Adult. stakes its claim to electro authority on an aesthetic built more around heady moods than cloying fashion games. The duo started mining post-human '80s sound waves a few years before "electroclash" became a contentious term, but, legitimacy through longevity being a thing of the past, singer Nicola Kuperus and programmer Adam Lee Miller also pay uncommon attention to the history they dress up and down. From the spurting synth phase that opens "The Cold Call," the duo's Anxiety Always careens through a tight, measured crash course suited both for smooth rides and for nervous swerves. Adult. fetishizes the erotic vacancy of electro's android mind, matching brash blip riffs with icy vocals that sing of "the passion of forgetting names" and issue commands to "glue your eyelids together." Much of the album sounds thin and clangy on first pass, but as its moods congeal, Anxiety Always drinks down a cumulative thickener that oozes through the airy spaces and hardens on contact. "Blank Eyed, Nose Bleed" and "Nothing Of The Kind" lurch and pop like a sort of digitized punk, cycling through gameful violence and showy shove-offs that derive their tension from cramped backing tracks fighting for breath. For all its impressive competency, Anxiety Always remains a bit too oppressively literal in its electro resurrection–a fate that applies less to Idol Tryouts, a compilation from the Ghostly International label. Like Adult.'s Ersatz Audio imprint, Ghostly operates around the mythic electronic playland of Detroit, where electro and techno took on much of their lasting identities. Instead of looking back, though, Idol Tryouts smears the electro template into shapes more modern than nostalgic. With "Making It Pay," Dabrye hits upon a slow, woozy electronic hip-hop gait that sounds more like a subtle composite than observable fusion.

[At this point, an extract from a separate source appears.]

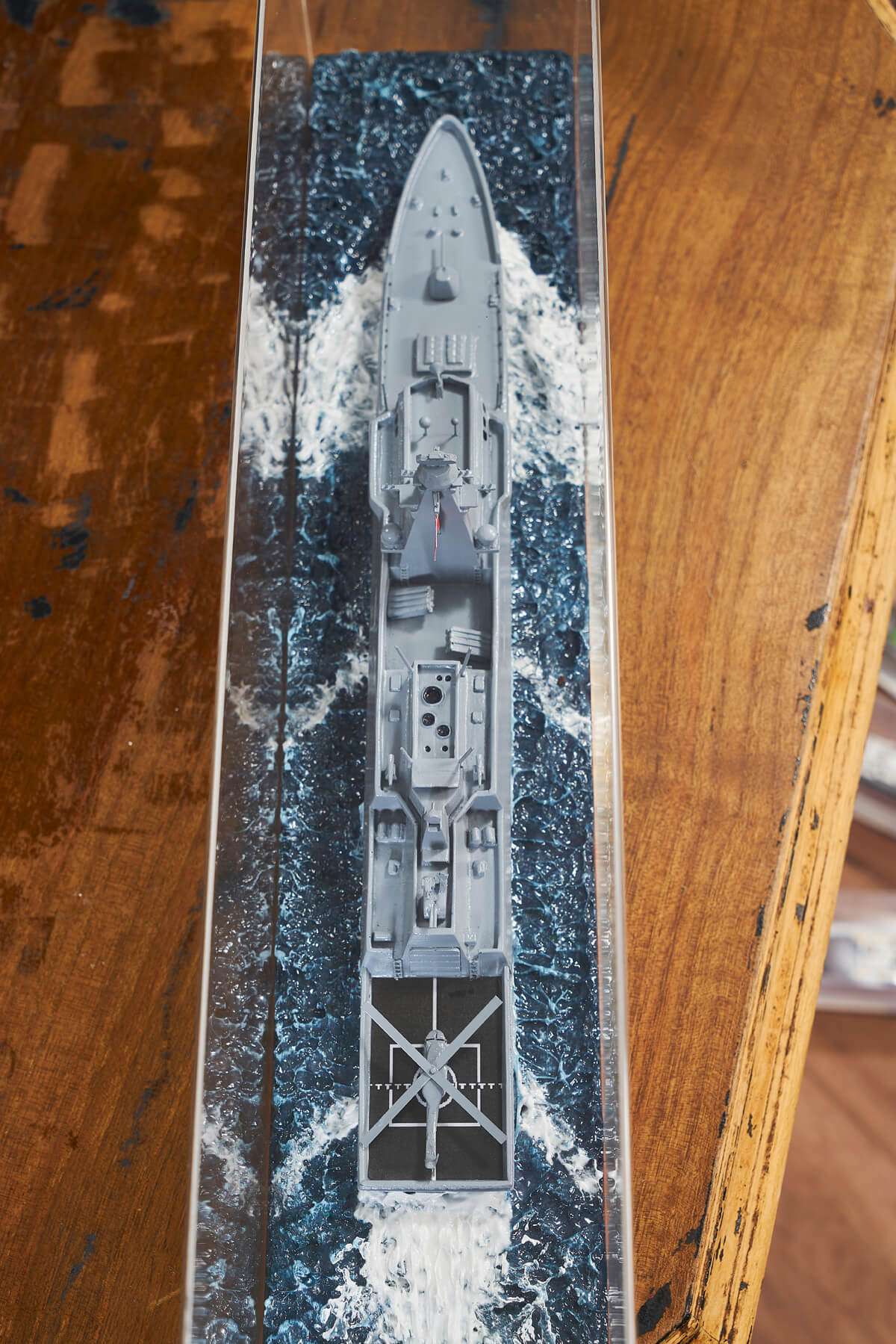 The helicopter warship model designed for sea enthusiasts is one of the most eye-catching items of the model collection. The helicopter warship model was prepared with a wooden sub-frame plastic box. The model of warship with helicopter reflects the model works integrated with the sea. The helicopter warship model, designed on waves, is a model ship with every detail elaborated. The waves are inspired by their true form and are crafted in white and blue hues. Every detail of the helicopter warship has been meticulously made. It is resistant to external factors thanks to its special transparent box. The helicopter warship designed on the waves is a special model work for those who have a model collection. The warship model with helicopter is also a unique product as a gift. You can add a different atmosphere to the space with the model, which is very useful for home decoration and office decoration. The helicopter warship model will also be included in a special section of the model collection for beginners. The helicopter warship model, which has a gray color, is a special handmade product that integrates with the waves in blue tones. You can find models of ships prepared for sea lovers on Nautica Goods.

Charles Manier ups the tempo to dance-floor speed with the warped synth fits in "At The Bottle," while Matthew Dear and James Cotton sift through shuffling glitch bits that hover like clouds stewing toward lightning. More distanced and meditative than Ghostly International's notable electro manifesto Tangent 2002: Disco Nouveau, Idol Tryouts boasts an inclusive reach that wraps Detroit austerity with Boards Of Canada-like ambience. The results range from striking singularities to simple spells of beauty, but the union of the two sounds unwaveringly strong throughout.